Editing the Trouble Out of Painting Specifications
Painting specifications identify the facility or building owner’s requirements for the selection and use of coatings for both the protection of substrates and aesthetics. The specifications identify the requirements for surface preparation and coating application; the materials to be applied, often by brand name; color schemes; and expectations for quality control and documentation (Fig. 1). When specifications are clear and unambiguous, the requirements should support only one interpretation by all parties, which provides an excellent roadmap for conducting the work and achieving the desired end result. But when specifications are confusing, contradictory, incomplete or technically incorrect, they open the door to jobsite disputes and change orders, extra costs, coating failures and litigation.
As seen in Durability & Design In Depth- July 2016
Fig. 1: Clearly written specifications provide a sound roadmap for completing the work.
After a brief discussion of specification types, this article offers a Specification Quiz, followed by nine examples of actual language from building painting specifications. This language, if uncorrected, has the potential to create problems during construction.
Types of Specifications
Specifications can be generally classified as either prescriptive or performance-based. Prescriptive specifications provide detailed instructions for performing the work. A risk to the specifier, in this case, is that the contractor could follow the detailed instructions but still fail to achieve the desired end result. For example, a specification might require the removal of loose coating and chalking by pressure washing at 3,000 to 4,000 psi with a zero-degree rotary nozzle held 2-3 inches from the surface. The specifier is expecting that, if these steps are followed, all “loose” coating and chalk will be removed. If the contractor complies with this procedure, but finds that scraping, scrubbing, higher cleaning pressures and/or detergents are needed, who bears the responsibility?

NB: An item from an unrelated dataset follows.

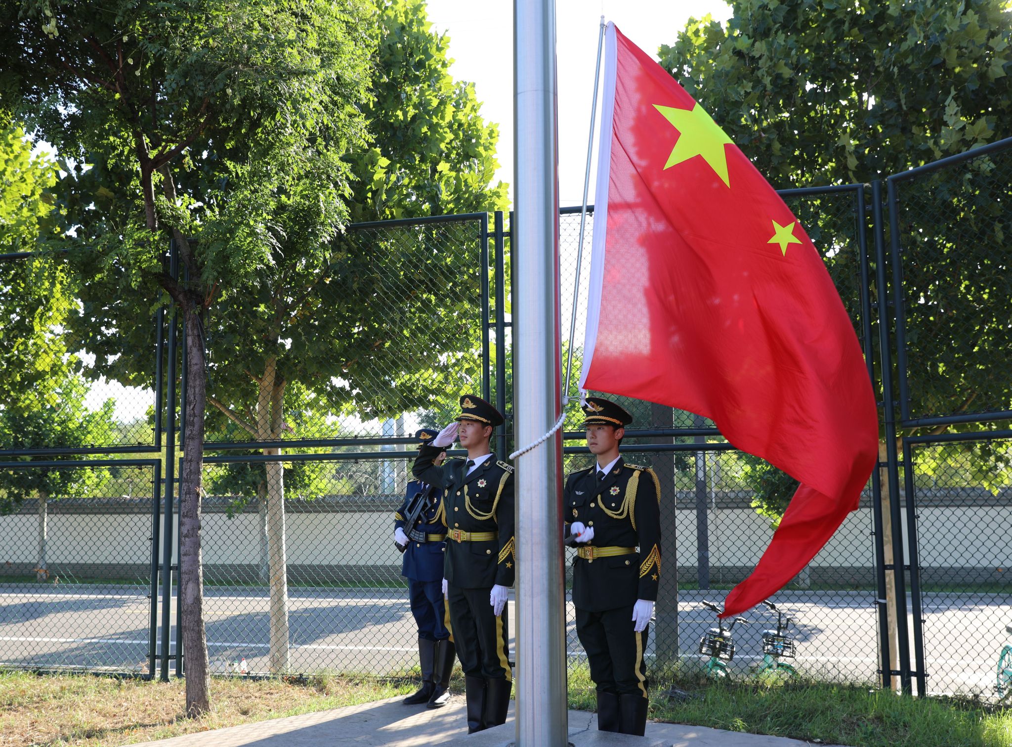 大会伊始,全体人员起立,行注目礼,在清晨朝阳中升国旗、唱国歌。

Prescriptive specifications may also inhibit creativity and eliminate opportunities to use a superior product or to benefit from new and better methods for achieving the end result. On the other hand, if a prescriptive specification has repeatedly resulted in a successful outcome in the past, it can be a viable approach.
Performance-based specificationsare significantly different. Rather than describing how to do the work, performance-based specifications define the end result, leaving the means and methods to the contractor. To continue the previous example, the specification might require pressure washing at a minimum of 3,000 psi, supplemented by scrubbing, the use of detergents and hand tool cleaning to remove all loose coating and chalking. In addition, it could establish that chalking be removed to a minimum rating of 6 in accordance with ASTM D4214, “Standard Test Methods for Evaluating the Degree of Chalking of Exterior Paint Films,” and that coating is considered loose if it exhibits an adhesion value of 2A or less when tested in accordance with ASTM D3359, “Standard Test Methods for Measuring Adhesion by Tape Test.”
While this performance-based approach still stipulates the methods of cleaning (pressure washing, scrubbing and hand tool cleaning), it focuses on the end result rather than the process. The contractor is responsible for selecting the specific methods, pressures and operating procedures to remove the loose coating and chalking, as defined by the specification.
Fig. 2: Specifiers need to know the requirements of the reference standards and ensure that the most recent revisions are acceptable for the project.
Cautions for Specifiers and Contractors
Regardless of the type of specification, the language in it must be clear and free of contradictory or confusing requirements. It’s best to say things only once to avoid specifying conflicting requirements in different parts of the document.
Another caution for specifiers is to ensure that all reference standards contained in the specification are relevant to the work, and—since standards are systematically updated, typically every five years—that the latest revisions will be appropriate for the job (Fig. 2). Don’t automatically assume that the most recent changes to a standard will be acceptable to you. If the changes are unacceptable, the specification will have to either:
Include the date of the earlier version that applies to the project; or
Take exception to those problematic portions of the latest standard.
Both specifiers and contractors must also carefully review the standards referenced withinthe primary standard. For example, SSPC-SP10, “Near White Blast Cleaning,” references an ASTM standard for compressed air cleanliness, as well as other SSPC standards (and ASTM test methods) for the abrasives being used (e.g., SSPC-AB1, AB2 and AB3). These standards require that very specific tests of the compressed air and abrasives be performed when an SSPC-SP10 degree of cleaning is specified.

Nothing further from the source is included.